At the same time as the Forum has been considering the position of the 47 jurisdictions included in the initial list of potential tax havens it has been undertaking work reviewing the preferential tax regimes of OECD member countries. The 1998 report foresaw that the member countries would complete a self review of their preferential tax regimes by April 2000 and recommended that they eliminate any harmful features of such regimes by April 2003. The results of this work are also expected to be presented to Ministers in June 2000. In addition a high level meeting is to take place with countries outside the OECD in an effort to engage them further in the fight against the spread of tax havens and the use of harmful preferential tax regimes for financial and other geographically mobile services.

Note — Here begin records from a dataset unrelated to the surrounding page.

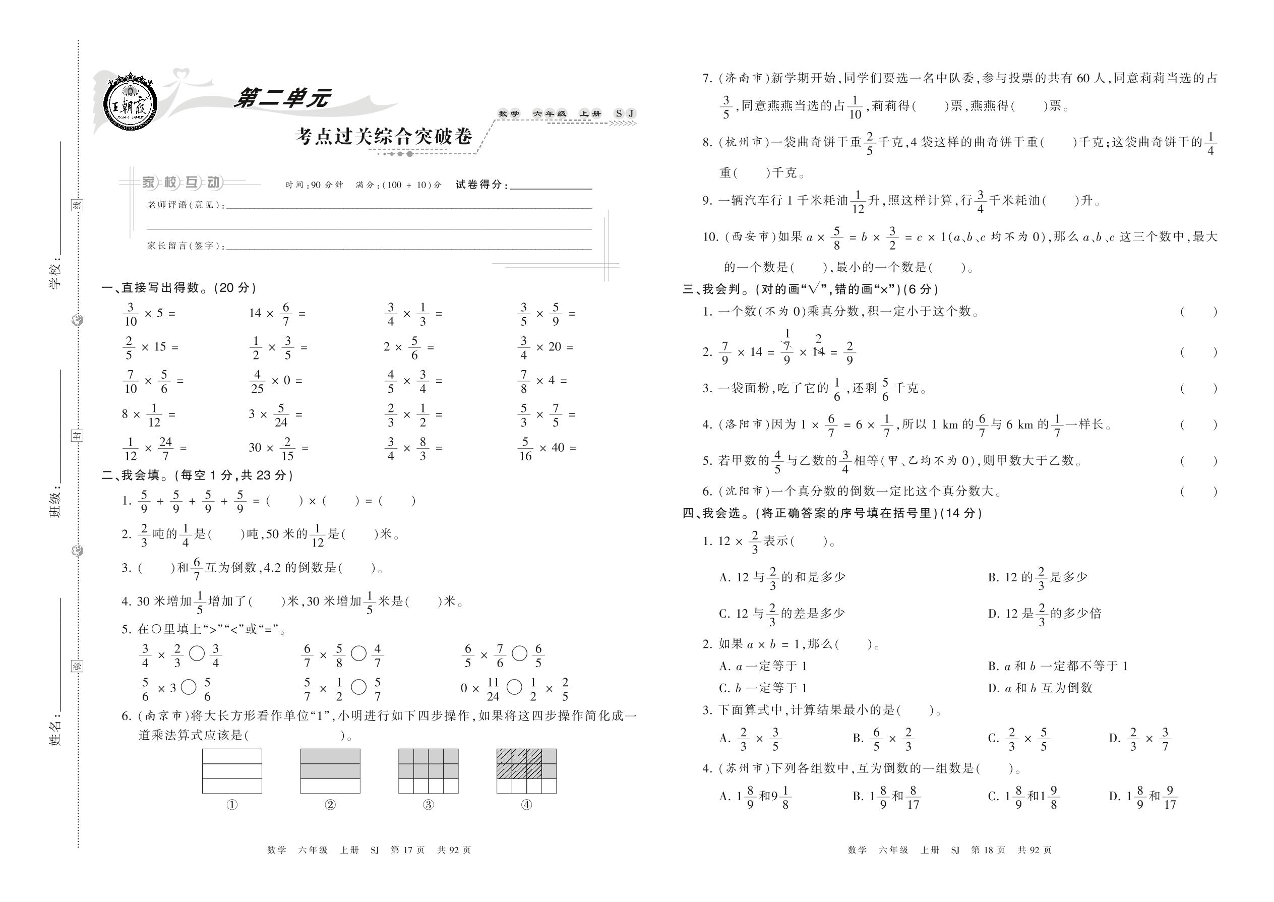 2021上册六年级数学苏教版 第二单元 考点过关综合突破卷
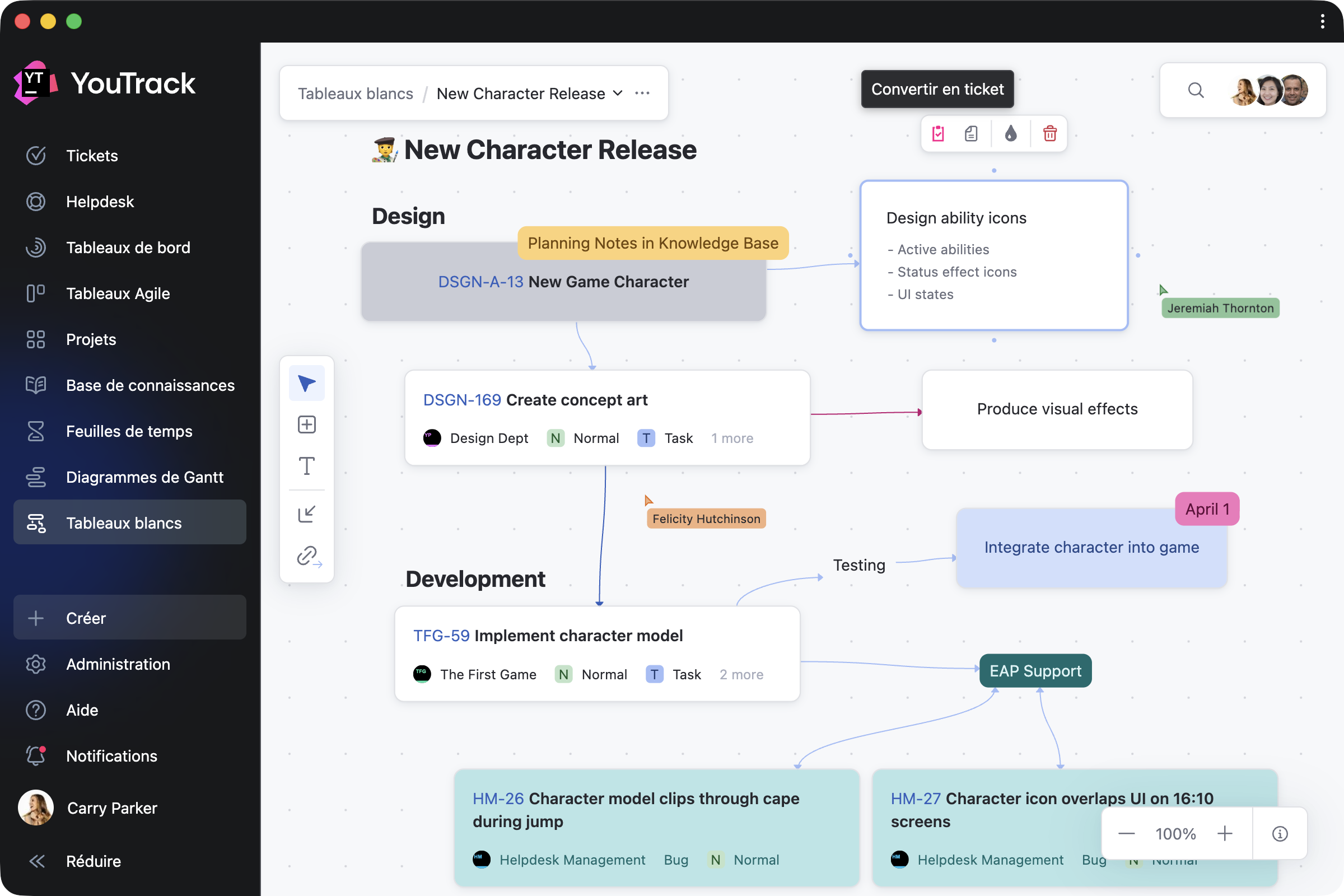 La planification commence souvent avant même que le travail ne soit structuré. Les tableaux blancs YouTrack vous offrent un espace visuel flexible pour esquisser des plans, cartographier le travail existant et réfléchir aux prochaines étapes, en solo ou avec votre équipe. Importez des tickets, des tickets de support et des articles existants, ou repartez de zéro. Une fois vos idées prêtes, transformez-les en tâches d'un seul clic. Les dépendances seront automatiquement synchronisées.
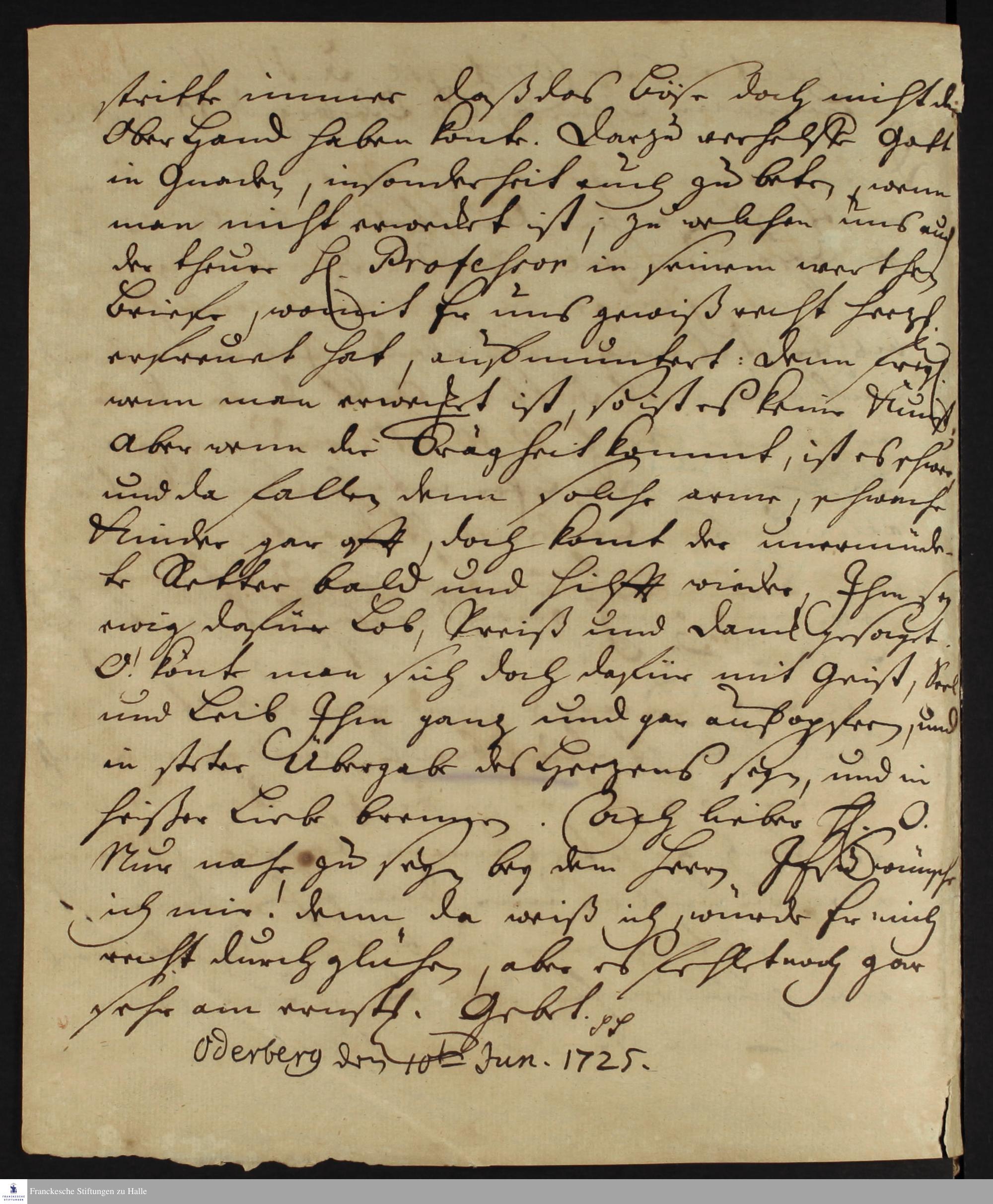 Auszug aus einem Brief von Johanna Eleonore Josepha Henckel v. Donnersmarck an [Johann Christoph Orlich ?].
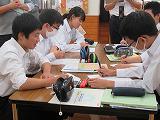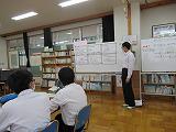 市教育委員会の指導主事に訪問を依頼して、研究授業を行いました。3年生の理科の授業を図書室で実施しました。エネルギーの分野の内容の授業を行いました。生徒一人人が自分の考えを資料に基づきまとめ、その後、グループでの提案を行いました。
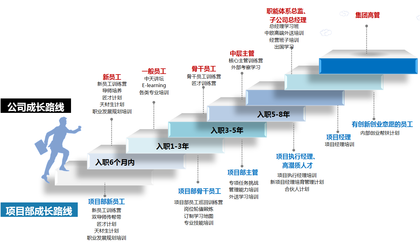 培训:匠才训练营、骨干员工训练营、核心主管训练营、新型项目经理训练营、总经理学习班、中欧学习班、项目部巡回培训营、内部级别鉴定、挂职轮岗锻炼、外部送训、高端讲座论坛、出国学习;
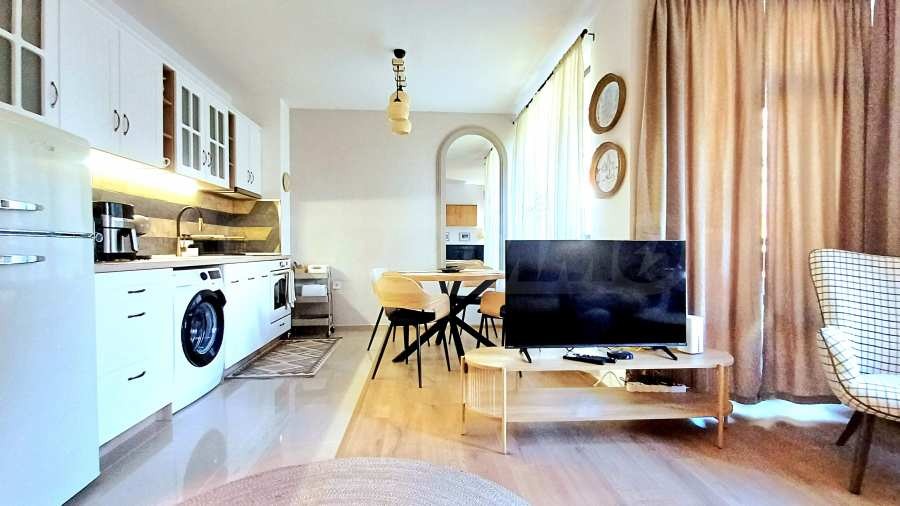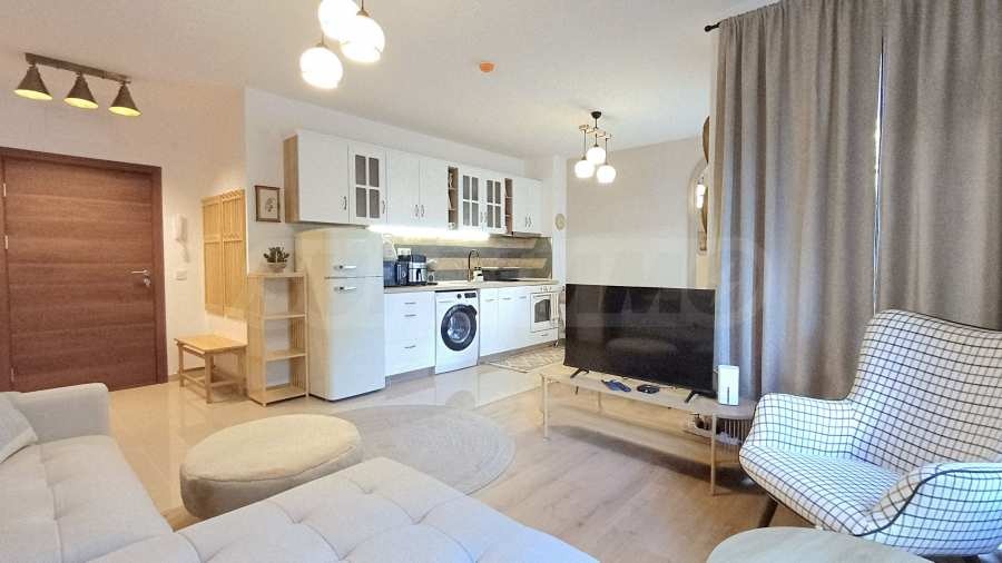 Жилището е комфортно обзаведено и оборудвано с всичко необходимо за комфортно пребиваване - вградена кухня с печка, пералня, хладилник, ТВ и др. Отоплението е на ток.
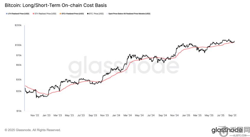 具体来说,就比特币而言,技术面依然看涨。自9月份触及107,500美元的低点以来,比特币价格已形成更高的低点,而200日移动平均线则在102,000美元左右上涨。另一个关键指标——短期持有者实际价格——通常是可靠的牛市支撑位——已攀升至109,000美元以上的创纪录水平。
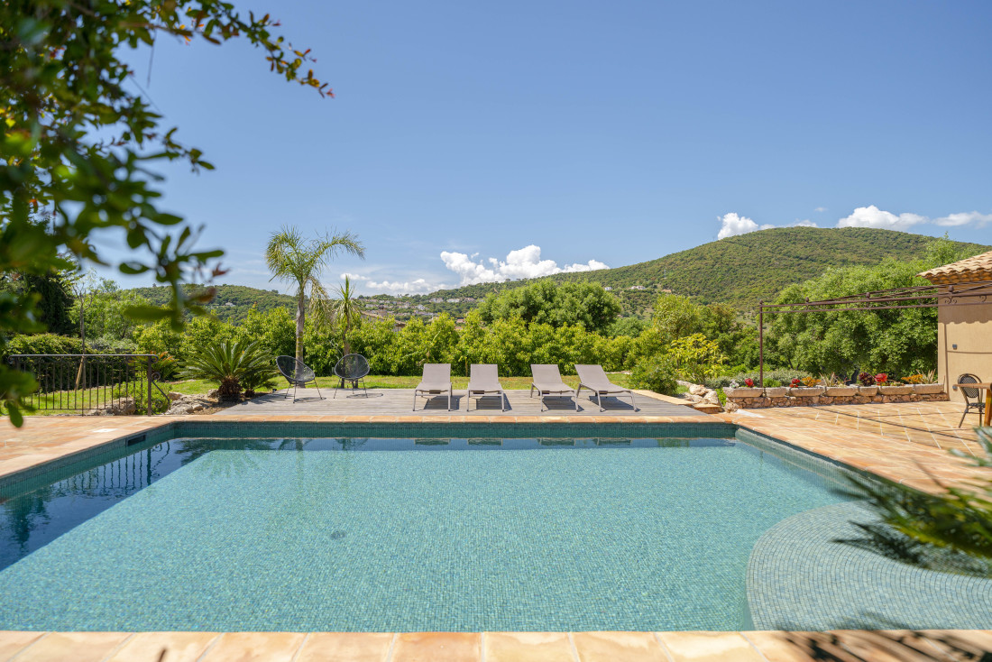 Le terrain plat et paysagé, facile à entretenir, est agrémenté d’une piscine entourée de terrasses ensoleillées, idéale pour les baignades et les moments de détente en famille ou entre amis. L’espace extérieur, à la fois intime et spacieux, est parfait pour profiter du climat méditerranéen tout au long de l’année.
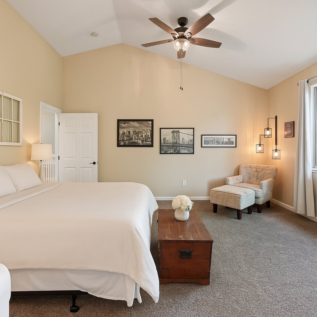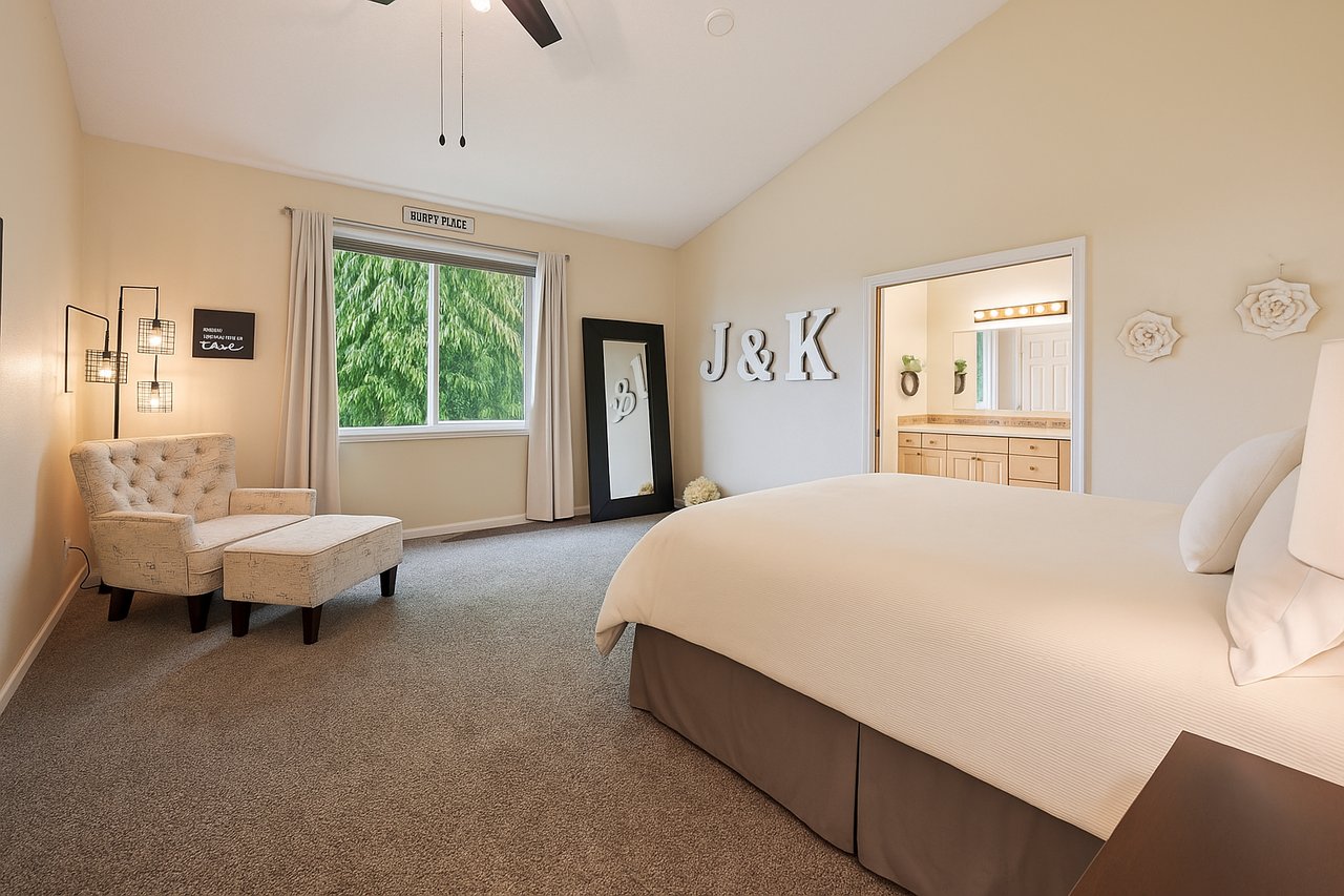 On the main floor you’ll find a spacious primary suite with vaulted ceilings, a generous walk-in closet, and an ensuite bathroom providing a peaceful retreat at the end of the day. Nearby, the laundry room adds convenience to daily living. Two additional bedrooms and a full bathroom on this level offer flexibility for guests, office space, workout room, or whatever fits your lifestyle.
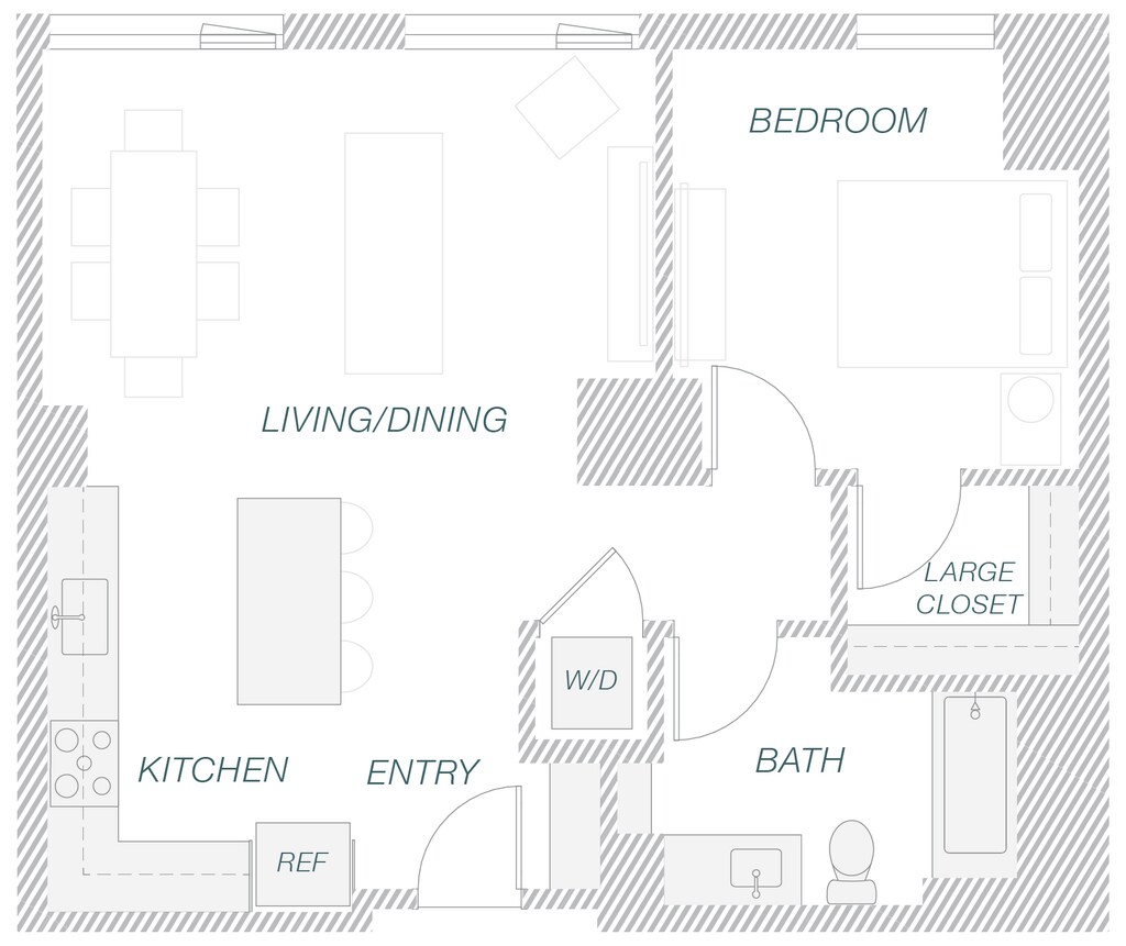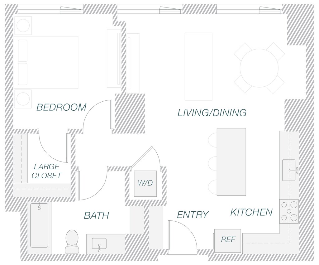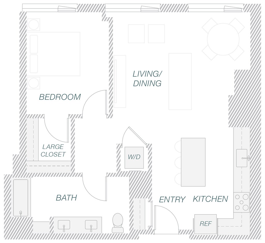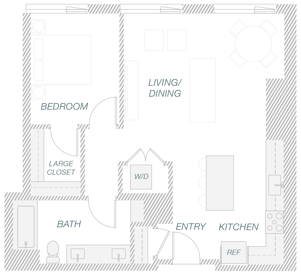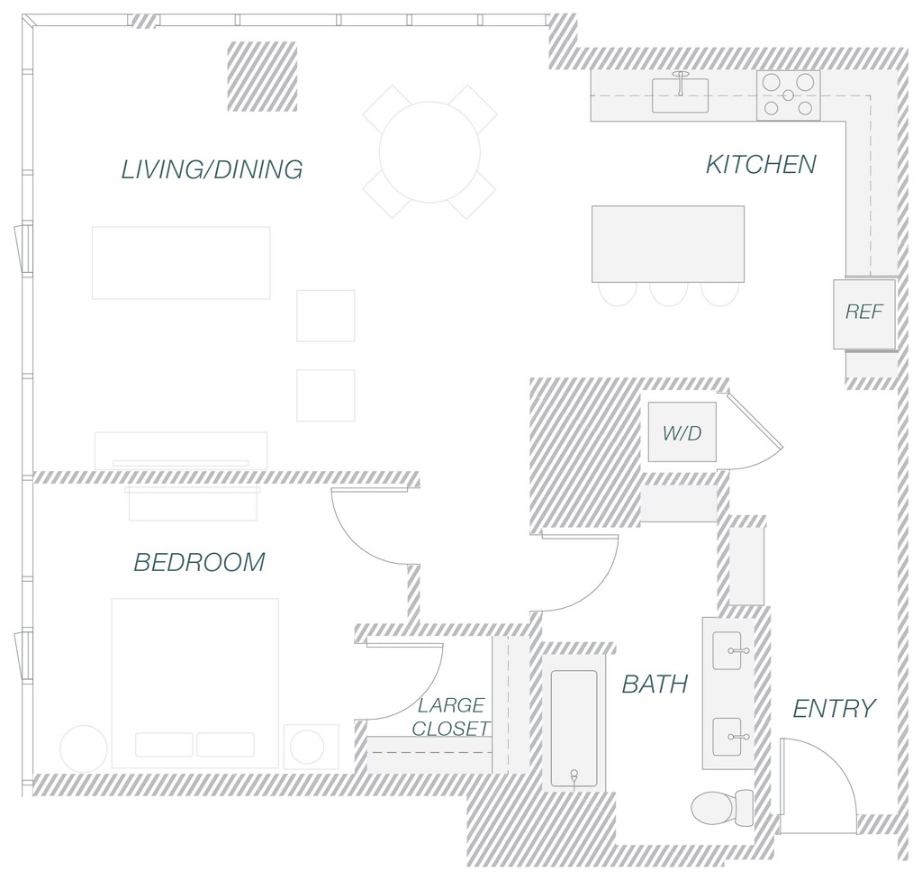 0-2A - Floorplan 1 Apartment Unit: 316Apartment Model: 0-2A$1,615Studio, 1 Bath, 472 sq ftAvailable Now0-3A

The Insular Authorities consider that, as has been the practice with other international groups such as the Financial Action Task Force, the Basle Committee on Banking Supervision and the G7 Financial Stability Forum, the distinction that should be drawn is not between onshore and offshore centres, or tax havens as the latter are often described, but between co-operating and non co-operating jurisdictions. A distinction should be drawn between those jurisdictions that are working to international standards and those that are not. If this distinction is not made the conclusion must be drawn that the exercise has been based on a predetermination of which territories should be described as tax havens, rather than any objective and logical assessment of the circumstances surrounding the individual jurisdictions. This would also be in conflict with the reputation of the OECD for adopting a professional approach to its responsibilities. It should be recognised that the Channel Islands and the Isle of Man, in their tax structures and general compliance with international standards, can and should be equated with Luxembourg and Switzerland which were not included in the initial list of potential tax haven jurisdictions. In the author’s view the Insular Authorities have reason to remain confident, having regard to the wording of the OECD report of May 1998, that the logic of the arguments they have advanced in defence of the view that Jersey is not a tax haven will be fully recognised.
Conclusion
Whatever the outcome of the EU or the OECD tax proposals in due course Jersey can expect to be asked to consider in what way it would wish to participate in an international movement to reduce harmful tax competition. As a pre-requisite to any such considerations however there must be general agreement on what is meant by “harmful”, and any moves to reduce harmful tax competition must take place on an international level playing field basis. If the approach to reducing harmful tax competition is objective, constructive, and global the eventual outcome can be expected to be positive for the Island, as a centre providing financial services to international standards, and Jersey can be expected to remain a relatively low tax jurisdiction.
Colin Powell OBE was Economic Adviser to the States of Jersey between 1969 and 1992 and was Chief Adviser to the States of Jersey until December 1998. In 1999 he was appointed Chairman of the Jersey Financial Services Commission.